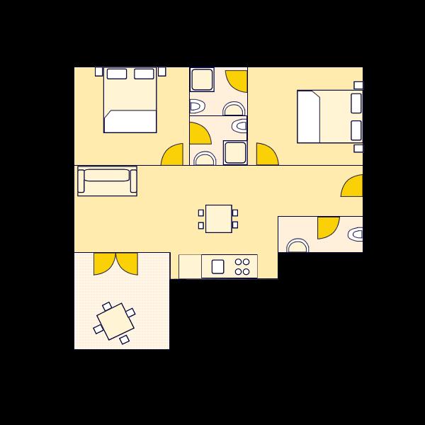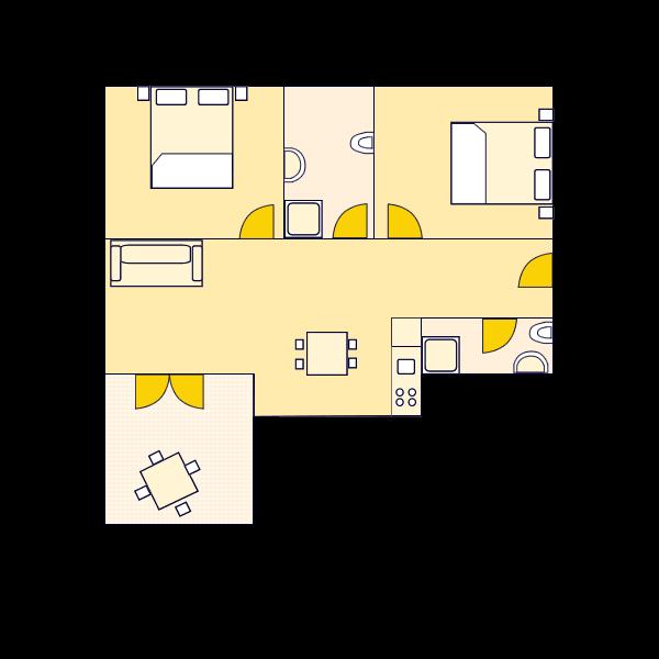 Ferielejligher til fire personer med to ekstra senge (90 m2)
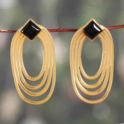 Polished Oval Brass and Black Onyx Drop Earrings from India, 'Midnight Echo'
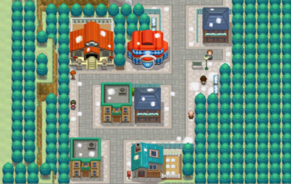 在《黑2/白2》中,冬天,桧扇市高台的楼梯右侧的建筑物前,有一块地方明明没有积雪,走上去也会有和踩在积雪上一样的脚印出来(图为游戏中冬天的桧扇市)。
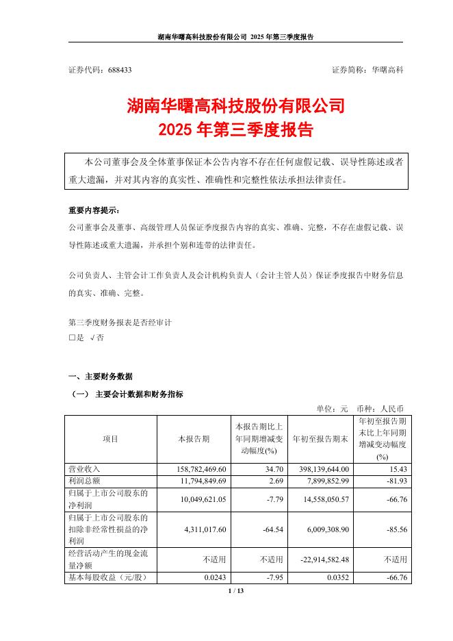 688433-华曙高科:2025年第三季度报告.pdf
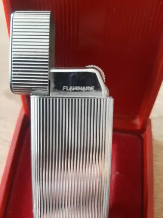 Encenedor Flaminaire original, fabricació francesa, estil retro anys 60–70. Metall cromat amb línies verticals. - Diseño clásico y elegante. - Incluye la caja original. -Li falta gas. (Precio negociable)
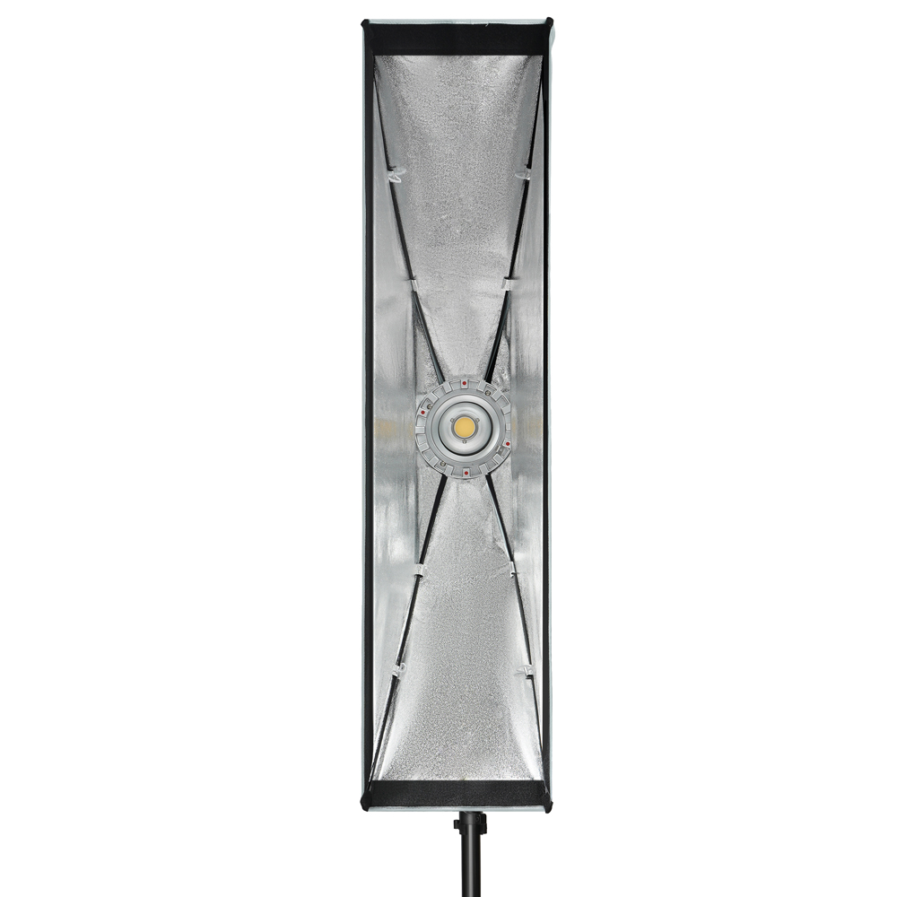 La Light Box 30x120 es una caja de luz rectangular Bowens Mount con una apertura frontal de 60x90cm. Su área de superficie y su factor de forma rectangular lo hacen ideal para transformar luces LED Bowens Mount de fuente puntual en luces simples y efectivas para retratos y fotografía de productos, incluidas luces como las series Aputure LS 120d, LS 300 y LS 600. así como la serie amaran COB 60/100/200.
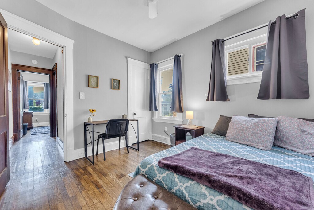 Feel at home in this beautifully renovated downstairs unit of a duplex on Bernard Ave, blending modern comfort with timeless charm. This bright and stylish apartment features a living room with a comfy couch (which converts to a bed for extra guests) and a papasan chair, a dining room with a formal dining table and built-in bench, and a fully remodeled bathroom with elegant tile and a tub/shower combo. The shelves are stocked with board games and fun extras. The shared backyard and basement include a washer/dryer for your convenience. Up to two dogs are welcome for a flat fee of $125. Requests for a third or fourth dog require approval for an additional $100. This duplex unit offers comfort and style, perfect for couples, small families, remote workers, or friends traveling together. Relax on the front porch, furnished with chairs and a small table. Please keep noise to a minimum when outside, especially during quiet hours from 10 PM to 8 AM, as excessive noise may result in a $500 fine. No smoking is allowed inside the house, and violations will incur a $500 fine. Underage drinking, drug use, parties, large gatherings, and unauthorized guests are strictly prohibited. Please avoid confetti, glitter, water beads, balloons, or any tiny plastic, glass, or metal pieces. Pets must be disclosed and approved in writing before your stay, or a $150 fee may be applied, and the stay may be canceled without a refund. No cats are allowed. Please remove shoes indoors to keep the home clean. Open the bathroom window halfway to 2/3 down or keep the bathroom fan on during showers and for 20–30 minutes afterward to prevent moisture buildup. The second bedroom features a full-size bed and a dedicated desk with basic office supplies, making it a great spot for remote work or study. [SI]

#####

**Assignment:**
Wherever a picture appears in the records above, skip it and retype everything else exactly.

**Result of the exercise:**
 Ferielejligher til fire personer med to ekstra senge (90 m2)
 Polished Oval Brass and Black Onyx Drop Earrings from India, 'Midnight Echo'
 在《黑2/白2》中,冬天,桧扇市高台的楼梯右侧的建筑物前,有一块地方明明没有积雪,走上去也会有和踩在积雪上一样的脚印出来(图为游戏中冬天的桧扇市)。
 688433-华曙高科:2025年第三季度报告.pdf
 Encenedor Flaminaire original, fabricació francesa, estil retro anys 60–70. Metall cromat amb línies verticals. - Diseño clásico y elegante. - Incluye la caja original. -Li falta gas. (Precio negociable)
 La Light Box 30x120 es una caja de luz rectangular Bowens Mount con una apertura frontal de 60x90cm. Su área de superficie y su factor de forma rectangular lo hacen ideal para transformar luces LED Bowens Mount de fuente puntual en luces simples y efectivas para retratos y fotografía de productos, incluidas luces como las series Aputure LS 120d, LS 300 y LS 600. así como la serie amaran COB 60/100/200.
 Feel at home in this beautifully renovated downstairs unit of a duplex on Bernard Ave, blending modern comfort with timeless charm. This bright and stylish apartment features a living room with a comfy couch (which converts to a bed for extra guests) and a papasan chair, a dining room with a formal dining table and built-in bench, and a fully remodeled bathroom with elegant tile and a tub/shower combo. The shelves are stocked with board games and fun extras. The shared backyard and basement include a washer/dryer for your convenience. Up to two dogs are welcome for a flat fee of $125. Requests for a third or fourth dog require approval for an additional $100. This duplex unit offers comfort and style, perfect for couples, small families, remote workers, or friends traveling together. Relax on the front porch, furnished with chairs and a small table. Please keep noise to a minimum when outside, especially during quiet hours from 10 PM to 8 AM, as excessive noise may result in a $500 fine. No smoking is allowed inside the house, and violations will incur a $500 fine. Underage drinking, drug use, parties, large gatherings, and unauthorized guests are strictly prohibited. Please avoid confetti, glitter, water beads, balloons, or any tiny plastic, glass, or metal pieces. Pets must be disclosed and approved in writing before your stay, or a $150 fee may be applied, and the stay may be canceled without a refund. No cats are allowed. Please remove shoes indoors to keep the home clean. Open the bathroom window halfway to 2/3 down or keep the bathroom fan on during showers and for 20–30 minutes afterward to prevent moisture buildup. The second bedroom features a full-size bed and a dedicated desk with basic office supplies, making it a great spot for remote work or study. [SI]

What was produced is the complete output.